STORED DATA:
---------------

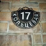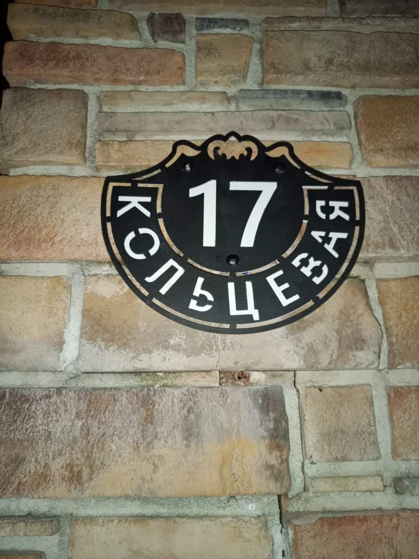 Для адресной таблички был выбран ретро-дизайн. Название улицы расположено в нижней части полуокружности, в центре изделия указан номер дома (Кольцевая, 17). Верхняя часть декорирована симметрично расположенными коваными элементами. Получилось лаконично и красиво.
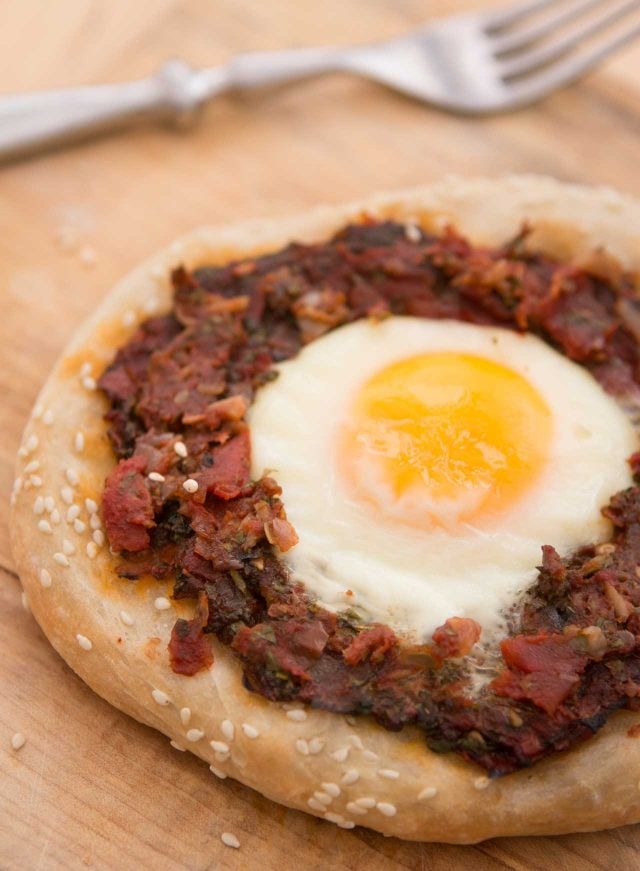 When I pulled theย breads out of my oven aroundย lunchtime, the smell of the spicy sauce and yeasty bread made me want toย dive right in. Which I did, taking a bite of the freshly baked rounds smothered in spiced tomato sauce, with the soft yolk spilling out over the warm, sesame-seeded bread. I immediately forgot how hard I had worked holding that third plank pose our Pilates teacher made us do (which is part of the reason my midsection is really being especially stubborn) and quickly polished it off. Then I reached for another.
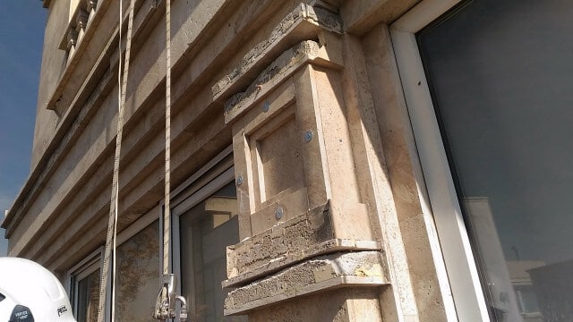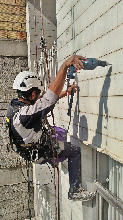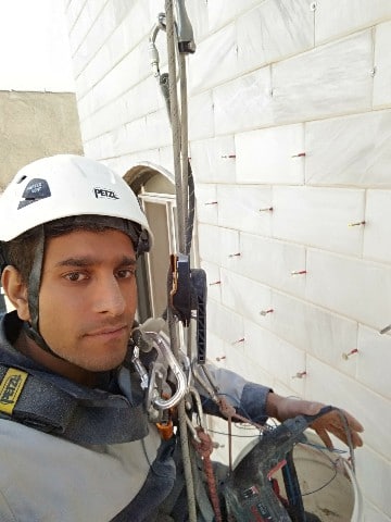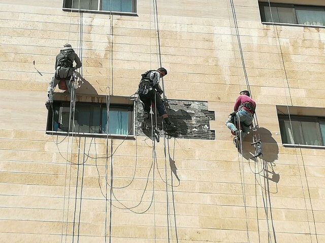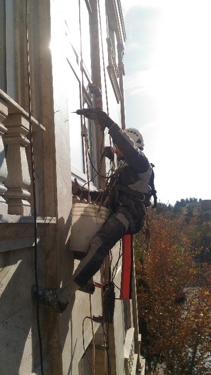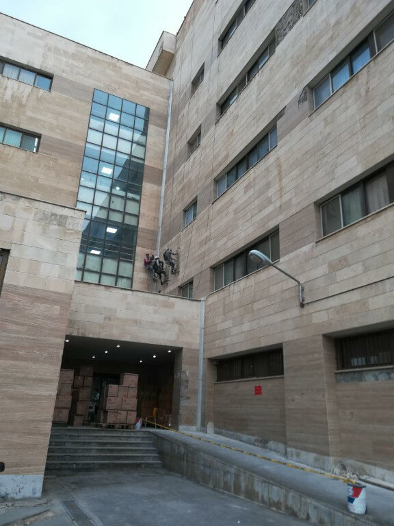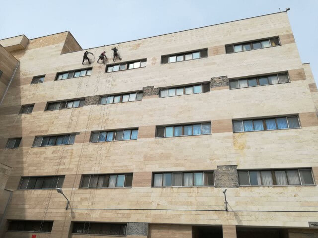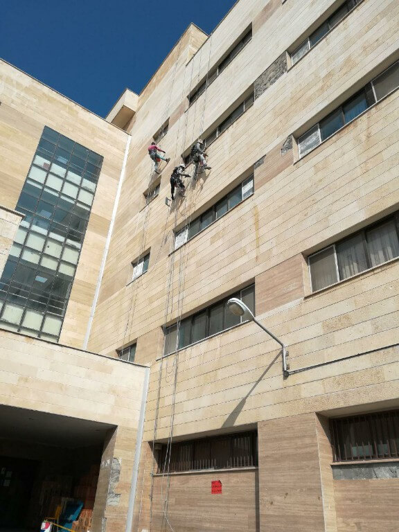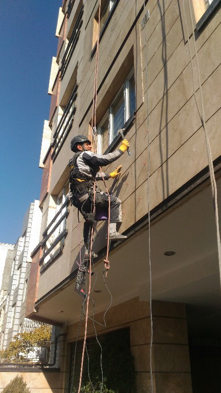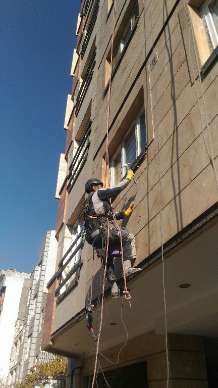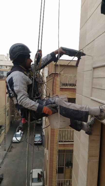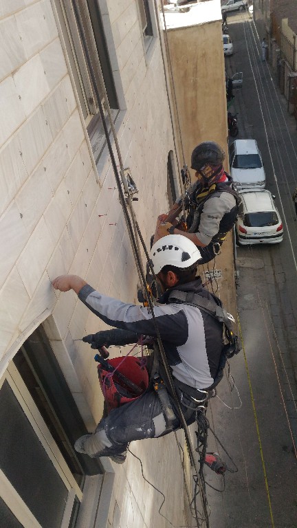 ترمیم سنگ نمای ساختمان در تهران و کرج بدون داربست و با طناب
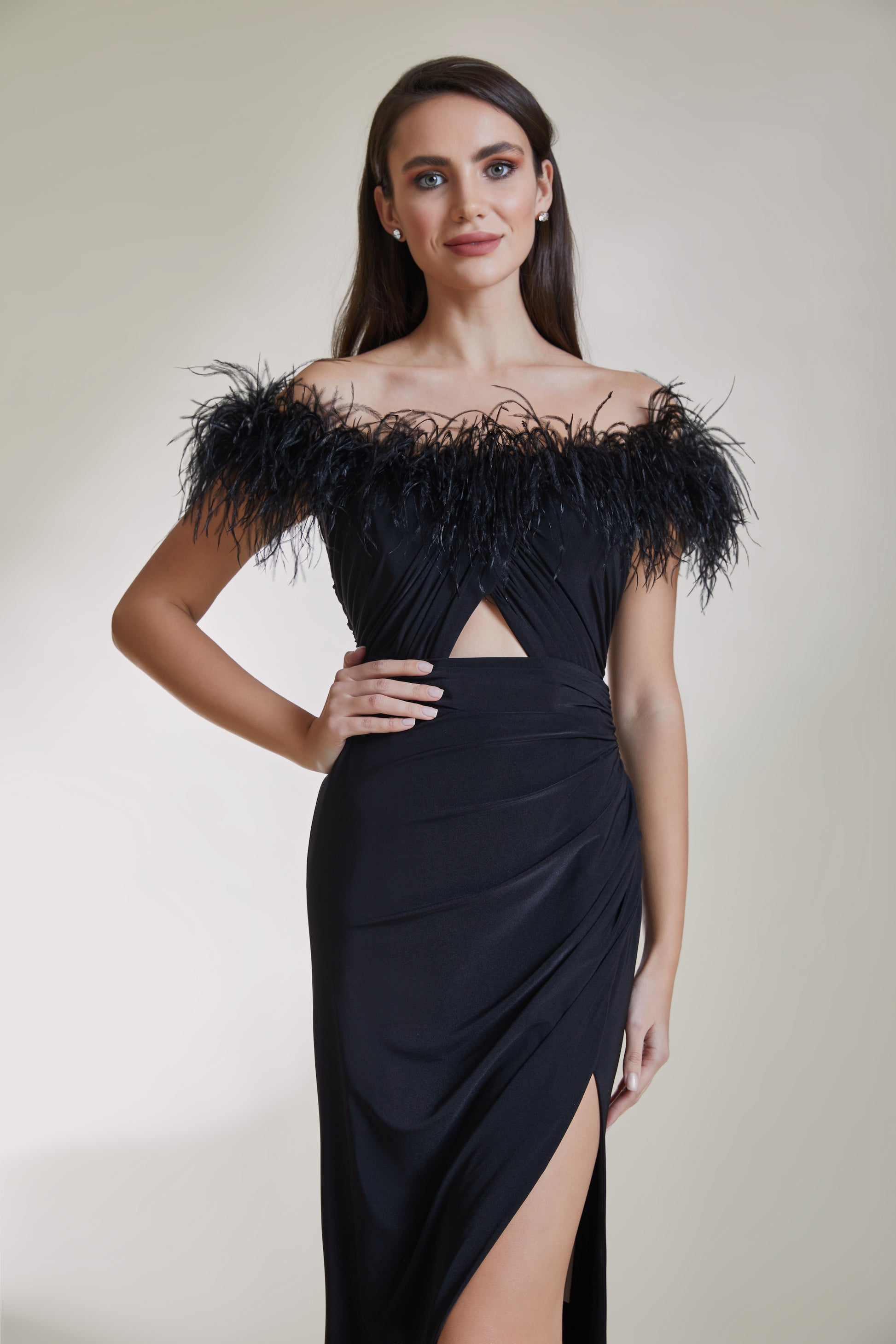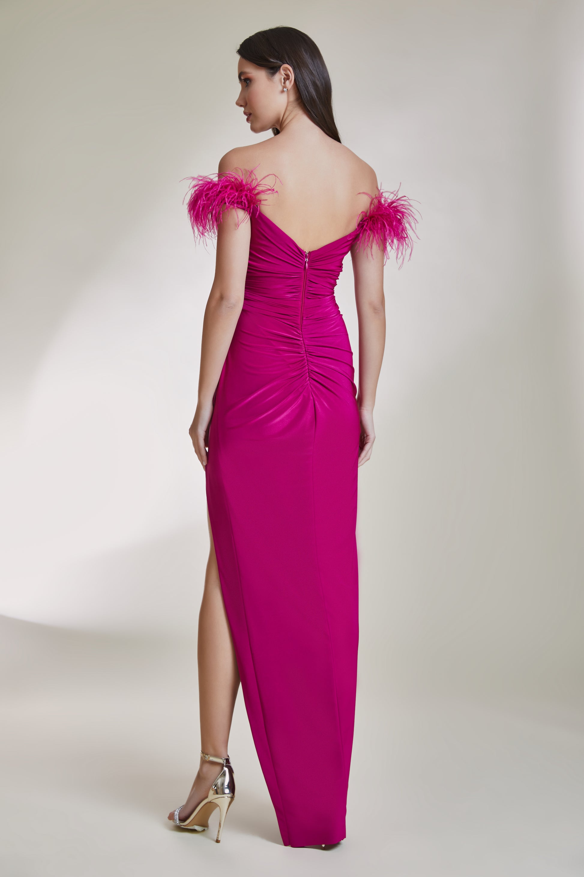 La robe Helena dévoile une épaule élégamment mise en valeur, sublimée par un détail de plume délicat. Sa fente ajoute une touche de sophistication et de liberté de mouvement, idéale pour une allure à la fois raffinée et audacieuse. Conçue pour les occasions où distinction et style se rencontrent, cette pièce allie confort et élégance avec maîtrise.

---------------

GOAL OF THE EXERCISE: Copy out the whole listing exactly. Skip its pictures.

FINAL ANSWER:
 Для адресной таблички был выбран ретро-дизайн. Название улицы расположено в нижней части полуокружности, в центре изделия указан номер дома (Кольцевая, 17). Верхняя часть декорирована симметрично расположенными коваными элементами. Получилось лаконично и красиво.
 When I pulled theย breads out of my oven aroundย lunchtime, the smell of the spicy sauce and yeasty bread made me want toย dive right in. Which I did, taking a bite of the freshly baked rounds smothered in spiced tomato sauce, with the soft yolk spilling out over the warm, sesame-seeded bread. I immediately forgot how hard I had worked holding that third plank pose our Pilates teacher made us do (which is part of the reason my midsection is really being especially stubborn) and quickly polished it off. Then I reached for another.
 ترمیم سنگ نمای ساختمان در تهران و کرج بدون داربست و با طناب
 La robe Helena dévoile une épaule élégamment mise en valeur, sublimée par un détail de plume délicat. Sa fente ajoute une touche de sophistication et de liberté de mouvement, idéale pour une allure à la fois raffinée et audacieuse. Conçue pour les occasions où distinction et style se rencontrent, cette pièce allie confort et élégance avec maîtrise.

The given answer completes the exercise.